** Opening ENTRIES SHOWN block **
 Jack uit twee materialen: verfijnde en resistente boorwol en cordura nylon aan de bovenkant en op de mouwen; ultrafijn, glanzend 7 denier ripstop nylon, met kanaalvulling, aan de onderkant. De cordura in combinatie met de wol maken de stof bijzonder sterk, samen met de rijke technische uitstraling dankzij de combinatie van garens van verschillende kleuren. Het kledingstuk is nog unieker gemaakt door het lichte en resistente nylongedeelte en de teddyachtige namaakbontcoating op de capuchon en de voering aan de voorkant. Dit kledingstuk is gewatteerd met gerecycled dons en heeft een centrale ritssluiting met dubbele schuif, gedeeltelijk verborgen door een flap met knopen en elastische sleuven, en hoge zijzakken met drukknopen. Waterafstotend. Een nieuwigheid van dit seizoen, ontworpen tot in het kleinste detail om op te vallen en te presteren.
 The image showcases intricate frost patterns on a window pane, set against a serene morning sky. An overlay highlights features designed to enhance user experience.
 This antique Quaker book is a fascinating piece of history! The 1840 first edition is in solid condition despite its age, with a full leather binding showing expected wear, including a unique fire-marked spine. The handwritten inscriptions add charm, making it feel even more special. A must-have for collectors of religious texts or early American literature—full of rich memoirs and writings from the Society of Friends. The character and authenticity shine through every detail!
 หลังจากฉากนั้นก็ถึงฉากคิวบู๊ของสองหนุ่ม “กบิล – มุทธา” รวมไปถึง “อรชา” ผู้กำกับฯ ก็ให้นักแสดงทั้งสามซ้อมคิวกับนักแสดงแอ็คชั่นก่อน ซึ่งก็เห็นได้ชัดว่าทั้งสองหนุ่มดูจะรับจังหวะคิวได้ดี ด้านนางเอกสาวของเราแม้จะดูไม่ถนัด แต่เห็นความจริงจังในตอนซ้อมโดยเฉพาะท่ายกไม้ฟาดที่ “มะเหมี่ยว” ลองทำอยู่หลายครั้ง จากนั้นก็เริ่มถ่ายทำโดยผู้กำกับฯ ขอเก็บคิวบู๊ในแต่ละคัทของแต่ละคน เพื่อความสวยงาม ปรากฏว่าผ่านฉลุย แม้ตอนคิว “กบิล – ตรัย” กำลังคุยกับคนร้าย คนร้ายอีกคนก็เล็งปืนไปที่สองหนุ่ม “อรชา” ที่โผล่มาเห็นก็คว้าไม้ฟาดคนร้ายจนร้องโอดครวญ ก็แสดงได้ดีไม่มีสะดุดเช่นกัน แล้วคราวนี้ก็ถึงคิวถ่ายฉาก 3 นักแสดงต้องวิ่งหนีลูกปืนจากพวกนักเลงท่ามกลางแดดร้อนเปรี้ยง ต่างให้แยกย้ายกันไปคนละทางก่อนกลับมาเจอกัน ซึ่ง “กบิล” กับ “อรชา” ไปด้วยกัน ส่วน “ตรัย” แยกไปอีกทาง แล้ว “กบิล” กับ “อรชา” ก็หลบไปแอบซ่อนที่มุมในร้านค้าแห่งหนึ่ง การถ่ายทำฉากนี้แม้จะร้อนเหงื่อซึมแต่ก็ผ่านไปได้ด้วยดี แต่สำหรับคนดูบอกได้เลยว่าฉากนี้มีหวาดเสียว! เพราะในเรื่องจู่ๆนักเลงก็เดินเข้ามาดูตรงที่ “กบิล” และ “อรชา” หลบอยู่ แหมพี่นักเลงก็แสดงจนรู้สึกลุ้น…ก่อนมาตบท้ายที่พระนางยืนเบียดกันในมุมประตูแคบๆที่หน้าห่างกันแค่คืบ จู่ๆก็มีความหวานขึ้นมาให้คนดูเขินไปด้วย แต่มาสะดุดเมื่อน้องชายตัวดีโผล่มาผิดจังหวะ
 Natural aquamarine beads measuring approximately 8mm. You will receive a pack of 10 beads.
** Closing ENTRIES SHOWN block **
** Opening ENTRIES SHOWN block **
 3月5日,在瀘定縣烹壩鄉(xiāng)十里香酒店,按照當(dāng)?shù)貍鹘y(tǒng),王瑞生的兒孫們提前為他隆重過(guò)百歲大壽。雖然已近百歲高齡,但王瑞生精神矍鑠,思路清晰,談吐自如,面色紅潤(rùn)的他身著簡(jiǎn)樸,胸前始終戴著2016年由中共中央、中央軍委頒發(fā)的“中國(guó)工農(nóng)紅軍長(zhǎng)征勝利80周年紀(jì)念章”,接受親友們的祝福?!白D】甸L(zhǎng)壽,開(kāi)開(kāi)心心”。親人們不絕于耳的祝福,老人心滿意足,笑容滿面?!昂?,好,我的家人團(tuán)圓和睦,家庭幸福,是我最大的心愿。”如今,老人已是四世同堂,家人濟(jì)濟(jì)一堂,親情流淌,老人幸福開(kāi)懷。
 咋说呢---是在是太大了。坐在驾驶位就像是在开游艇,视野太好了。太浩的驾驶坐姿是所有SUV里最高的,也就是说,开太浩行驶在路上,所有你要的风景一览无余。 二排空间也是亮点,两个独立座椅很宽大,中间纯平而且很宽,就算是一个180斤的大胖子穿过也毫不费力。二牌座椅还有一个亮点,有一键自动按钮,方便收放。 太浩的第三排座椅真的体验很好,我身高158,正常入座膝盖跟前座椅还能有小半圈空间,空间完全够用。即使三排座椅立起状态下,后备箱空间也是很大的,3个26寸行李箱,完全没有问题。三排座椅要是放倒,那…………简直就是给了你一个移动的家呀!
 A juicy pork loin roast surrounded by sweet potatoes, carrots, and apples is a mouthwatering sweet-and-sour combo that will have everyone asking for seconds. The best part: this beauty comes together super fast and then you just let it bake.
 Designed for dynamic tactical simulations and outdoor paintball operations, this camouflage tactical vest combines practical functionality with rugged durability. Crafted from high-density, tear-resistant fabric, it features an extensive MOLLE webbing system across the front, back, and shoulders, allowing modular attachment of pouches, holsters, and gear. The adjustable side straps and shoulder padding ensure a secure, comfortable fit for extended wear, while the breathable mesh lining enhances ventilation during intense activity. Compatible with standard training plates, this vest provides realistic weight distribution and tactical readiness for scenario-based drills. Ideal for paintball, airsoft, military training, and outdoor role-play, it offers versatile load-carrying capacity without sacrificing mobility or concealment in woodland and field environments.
** Closing ENTRIES SHOWN block **
** Opening ENTRIES SHOWN block **
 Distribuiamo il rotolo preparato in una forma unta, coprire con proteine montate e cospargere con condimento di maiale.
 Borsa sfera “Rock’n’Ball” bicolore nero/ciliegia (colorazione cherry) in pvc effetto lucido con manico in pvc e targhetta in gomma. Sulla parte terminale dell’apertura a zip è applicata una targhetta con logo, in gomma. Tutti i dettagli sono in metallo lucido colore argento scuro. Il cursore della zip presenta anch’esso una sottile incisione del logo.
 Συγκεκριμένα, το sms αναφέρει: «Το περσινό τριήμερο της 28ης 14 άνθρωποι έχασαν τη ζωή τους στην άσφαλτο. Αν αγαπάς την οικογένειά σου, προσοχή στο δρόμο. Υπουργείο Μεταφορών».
** Closing ENTRIES SHOWN block **
### WHAT THIS TASK INVOLVES
Look above for the line with "Jack uit twee" and the line with "This antique Quaker". Retype those two lines and every line between them exactly, adding nothing.

### RESPONSE
 Jack uit twee materialen: verfijnde en resistente boorwol en cordura nylon aan de bovenkant en op de mouwen; ultrafijn, glanzend 7 denier ripstop nylon, met kanaalvulling, aan de onderkant. De cordura in combinatie met de wol maken de stof bijzonder sterk, samen met de rijke technische uitstraling dankzij de combinatie van garens van verschillende kleuren. Het kledingstuk is nog unieker gemaakt door het lichte en resistente nylongedeelte en de teddyachtige namaakbontcoating op de capuchon en de voering aan de voorkant. Dit kledingstuk is gewatteerd met gerecycled dons en heeft een centrale ritssluiting met dubbele schuif, gedeeltelijk verborgen door een flap met knopen en elastische sleuven, en hoge zijzakken met drukknopen. Waterafstotend. Een nieuwigheid van dit seizoen, ontworpen tot in het kleinste detail om op te vallen en te presteren.
 The image showcases intricate frost patterns on a window pane, set against a serene morning sky. An overlay highlights features designed to enhance user experience.
 This antique Quaker book is a fascinating piece of history! The 1840 first edition is in solid condition despite its age, with a full leather binding showing expected wear, including a unique fire-marked spine. The handwritten inscriptions add charm, making it feel even more special. A must-have for collectors of religious texts or early American literature—full of rich memoirs and writings from the Society of Friends. The character and authenticity shine through every detail!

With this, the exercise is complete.